Dönemin içişleri bakanı Teoman Ünüsan ise Metin Göktepe öldürüldükten üç gün sonra, 11 Ocak 1996’da, 32. Gün programında şöyle dedi: “Konuyla ilgili tam bilgim yok. Ancak son gelen bilgiler Metin Göktepe’nin duvardan düşerek öldüğü şeklinde.”
Ahmet Atakan: Çatıdan düştü
Ahmet Atakan Hatay’da 9 Eylül 2013’te ODTÜ’deki yol planını ve Ankara Tuzluçayır’daki cami-cemevi projesini protesto eden göstericilere polisin saldırması sonucu öldü. Atakan Ailesi, avukatları ve tanıklar Ahmet’in isabet eden bir gaz fişeği sonucu beş katlı binanın çatısından düştüğünü ifade ediyor.
Kamera kayıtlarında da polis aracının Ahmet Atakan’ın bulunduğu yere doğru gaz attığı görülüyor. Adana Devlet Hastanesi’nde yapılan otopsi incelemesinde Atakan’ın kafasının sağ arka kısmında künt travma denilen, gaz kapsülü veya sert bir cisimle vurulma sonucu oluşabilecek bir kırık tespit edildi. Atakan’ın kesin ölüm nedenini belirleyecek Adli Tıp Kurumu’ndan beklenen detaylı rapor ise henüz gelmiş değil.
Emniyet ve valilik, Atakan’ın çatıdan düşerek öldüğünü iddia etti.
12 yaşındaki Uğur Kaymaz: Teröristti
Uğur Kaymaz, 21 Kasım 2004’te Mardin Kızıltepe’de babası Ahmet Kaymaz ile birlikte polis kurşunlarının hedefi oldu. Mardin Valiliği, olaya ilişkin yaptığı açıklamada “İki terörist öldürüldü” dedi. Kendilerine ateş açıldığını iddia eden polisler ‘meşru müdafaa’ gerekçe gösterilerek beraat etti.
İstanbul Adli Tıp Kurumu, davayla ilgili ilk raporda, Uğur Kaymaz’ın sırtındaki kurşunların art arda, birbirine çok yakın biçimde vücuda girdiğini belirtti; “Yara aldıktan sonra çatışması mümkün değil” dedi.

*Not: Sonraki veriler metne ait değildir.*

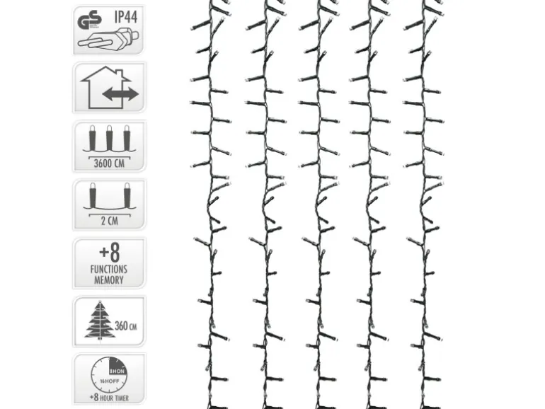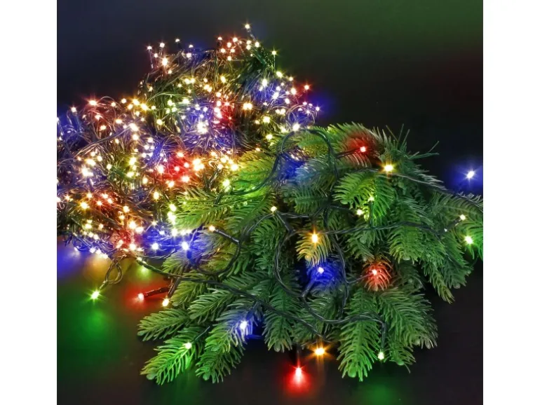 Die schöne LED-Clusterlichterkette von ECD Germany ist eine wunderbare Weihnachtsdekoration. Das bunte Licht passt ideal zur kalten Jahreszeit. Die Lichterkette lässt sich wunderbar an der Hauswand anbringen, auch am Tannenbaum macht sich die Weihnachtsdekoration gut. So ist die Lichterkette sowohl für Außen, als auch für Innen geeignet. Durch das 3 m lange Stromkabel, ist die Lichterkette sehr flexibel einsetzbar.

Adli Tıp Kurumu, Ahmet ve Uğur Kaymaz’ın ellerindeki barut izlerinin çatışma kanıtı olmayabileceğini gösterir raporunu mahkemeye gönderdi.
Murat Konuş: Kafasını duvara vurdu, öldü
Murat Konuş 7 Ocak 2010’da ‘gasp’ suçundan gözaltına alındı. İstanbul Asayiş Şube Müdürlüğü’nde tutulduğu sırada işkence yaparak ölümüne neden olan polislerden komiser O.K, duruşmada Murat Konuş’un elleriyle yüzüne vurduğunu, daha sonra kendisini sandalyeye oturttuğunu, ancak bu sırada kafasını duvara vurduğunu iddia etmişti.